Our room, by that late hour, had filled with smoke and thick shadow, but I was seated close enough to Martin to see his face with a degree of clarity—and, therefore, to see the fear that crossed it as he uttered his invitation.

He had been quiet for much of the evening, taking his place with little presence as we exchanged our various tales of terror. As the night wore on, however, and our stories conspired to drain whatever comfort lingered within the room, I had observed him with increasing interest. The hours had seen him shrink further and further into his chair, retreating as though oppressed by a great and unwelcome realisation. I had, at any moment, expected him to announce that he was taking his leave of us. Instead, when he did finally speak, his offer seemed in direct contrast to his appreciation of the evening’s passage. My surprise at this turn only heightened my interest in whatever story he intended to craft for us.

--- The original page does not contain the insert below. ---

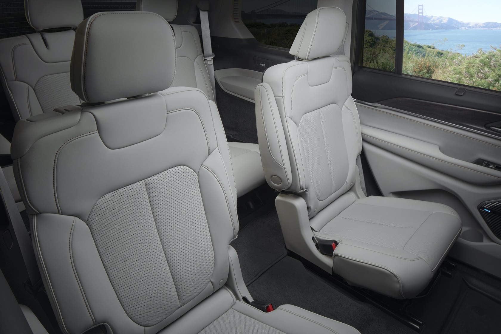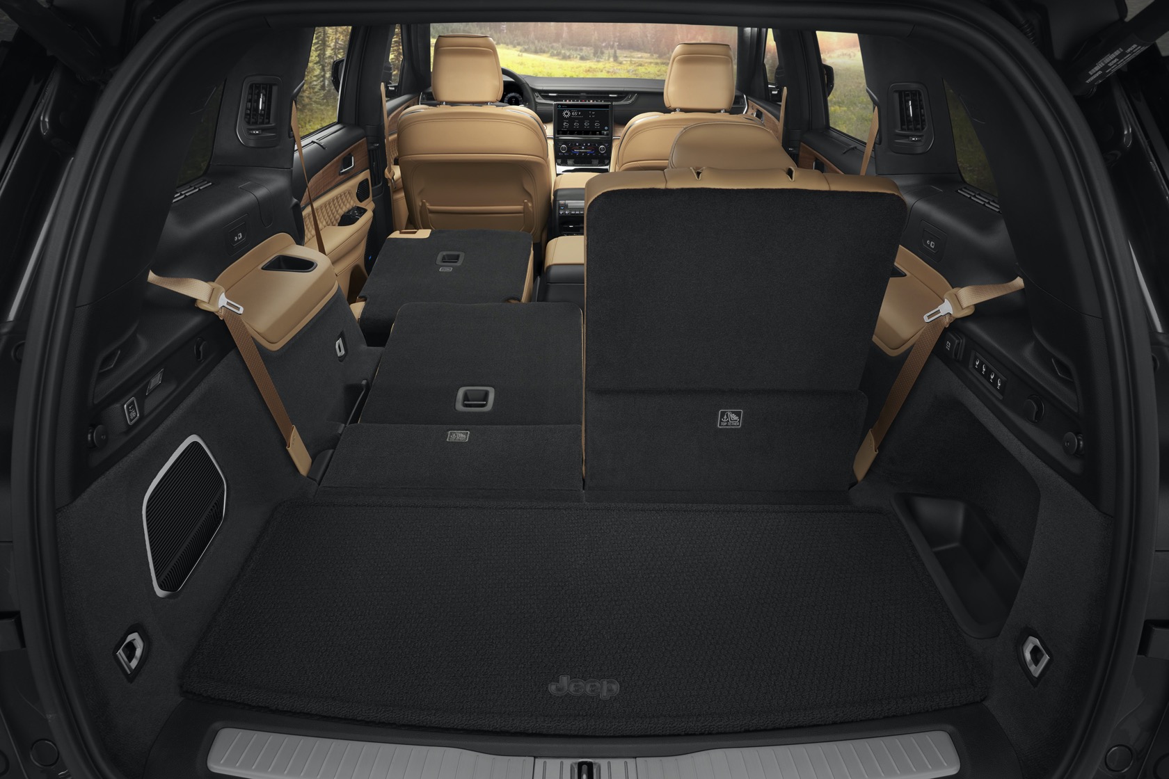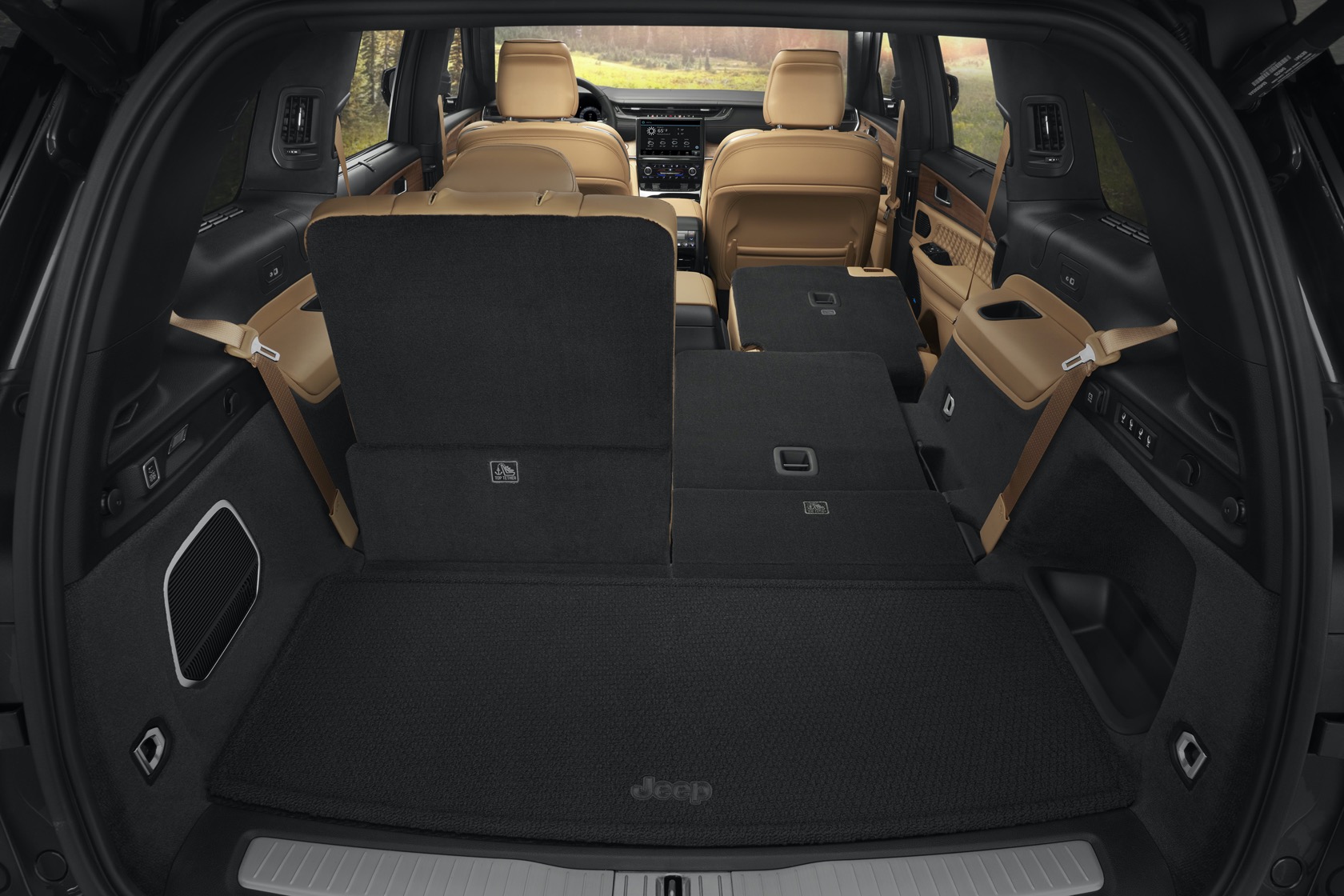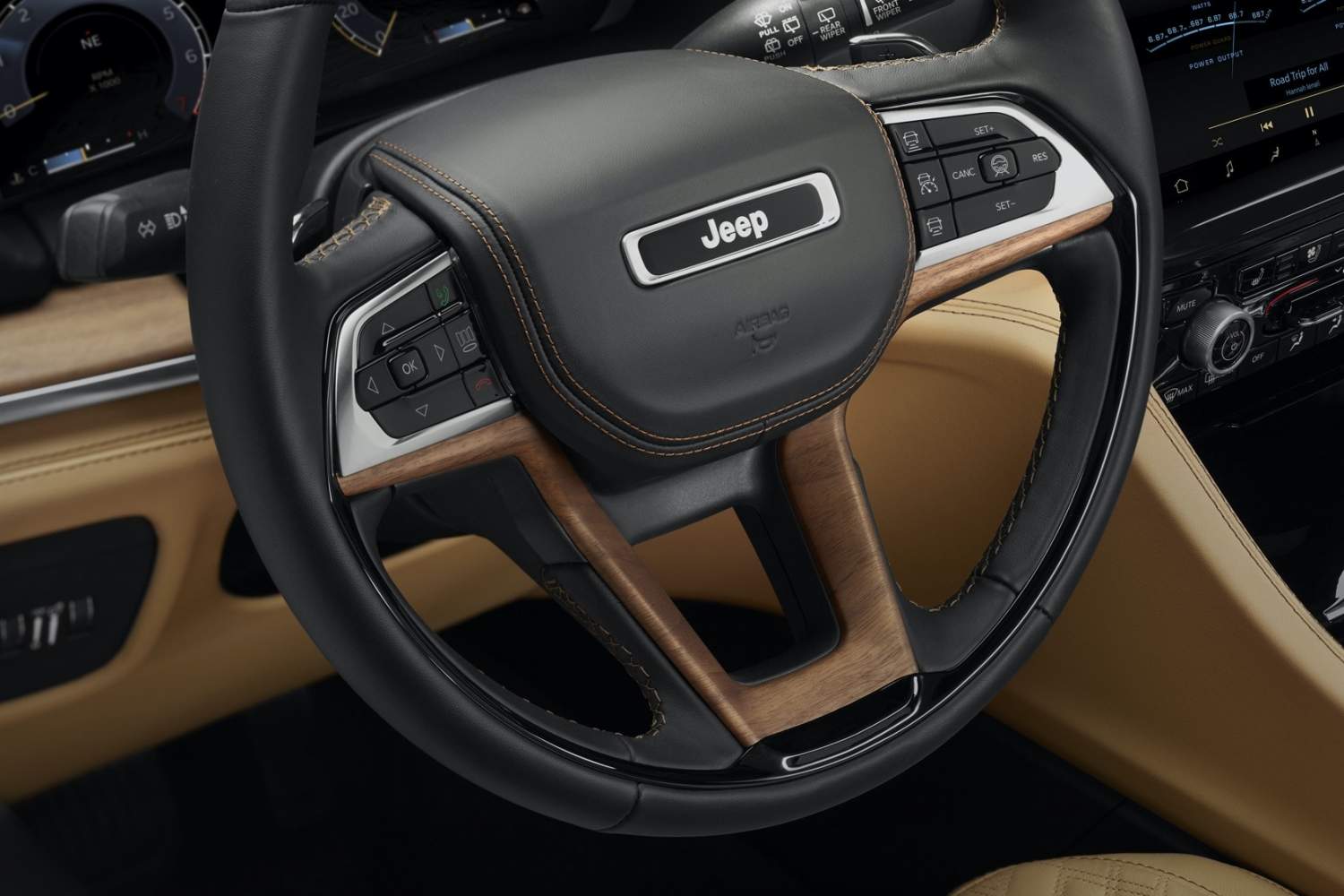 Under the hood there'll be one of two engines at launch. Standard is a 3.6-liter V6; optional is a 5.7-liter V8. Both get an eight-speed transmission. Still to come, Jeep says, is a 4xe electric version of the SUV.

It was, of course, questionable whether his nerves would permit him to deliver his tale with any measure of success; but our company was not the sort to spurn anyone’s story, especially when his first words were: “This is a true story.”

And, so, we sat in silence as Martin began.

“This event occurred when I was young—seven years old to be exact. I have never before considered this to be a … ghost story, but the nature of the tales we have shared tonight has forced me to call into question the judgement of my memories. I will, therefore, offer my story, and you gentlemen, in return, may offer your verdict.

“As you have already heard, I was a child at this time. My mother was in the habit of taking myself and my elder brother to my grandfather’s house. This took place with a sufficient degree of regularity to force a sense of resignation into a young child.

“My grandmother, you see, had passed on a few years prior. My mother, being the honest woman she was, had elected herself to a duty of care for our grandfather after his wife’s passing. I believe—now, more than I did then—that this was indeed driven by duty more so than love. I do not even believe she felt much for the man beyond the responsibility to look after someone who was, after all, her own blood.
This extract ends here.